Your friend's possibility of having a serious accident went way up, you could have been killed or killed some one else. The cop that let him go, put you both back in danger.

If he wanted to give you a break, he could have gotten someone to pick up the car and yourselves, no impound, no citation. JMHO.
 

Olivia

Well-known Member
Location
Hawaii
If it was that bad, I'm sure the cop would have impounded the car and took both of you in--at least the driver. Of course, it shouldn't have happened. I remember when my brother at an earlier age was stopped by a cop for supposedly driving under the influence. He got a ticket but the cop allowed him to drive home. And so at the trial my brother was acquitted. That may seem bad, but after that my brother never drove under the influence again, always came home with a designated driver. So that cop did my brother a big favor although he doesn't know it to this day.
 

RadishRose

SF VIP
Location
CT USA
If it was that bad, I'm sure the cop would have impounded the car and took both of you in--at least the driver. Of course, it shouldn't have happened. I remember when my brother at an earlier age was stopped by a cop for supposedly driving under the influence. He got a ticket but the cop allowed him to drive home. And so at the trial my brother was acquitted. That may seem bad, but after that my brother never drove under the influence again, always came home with a designated driver. So that cop did my brother a big favor although he doesn't know it to this day.
Heck, I'm not "sure" of anything...wasn't even there. But, it's pretty well known that driving while impaired or yapping/texting does increase risks.
 

Olivia

Well-known Member
Location
Hawaii
Yes, exactly, but there are variables to any situation.

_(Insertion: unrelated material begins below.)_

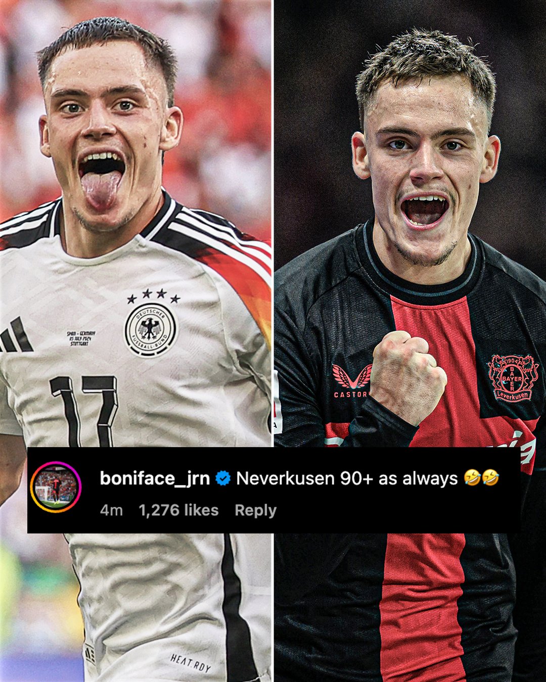 Boniface wrote on his social media page, “Neverkusen 90+ as always”

Years ago when I still quite young and cute., I remember looking for where Fisher Hawaii had moved to for me to find a new desk chair for where I worked. So, getting close to where I thought it was, I slowed down to find the drive way into the place. I turned in and suddenly there was a cop behind me huffing and puffing to my car. He was actually a good-looking tall male Asian. He said that I had slowed down suddenly and he almost hit me in my rear. I said to him I'm really sorry and I understand because I worked at State Farm and took accident reports so I know how it is, and that I take full responsibility and after he looked at my driver's license (which I have an Asian last name) and said. Oh. you're local? And I didn't even get a warning and we both went on our way.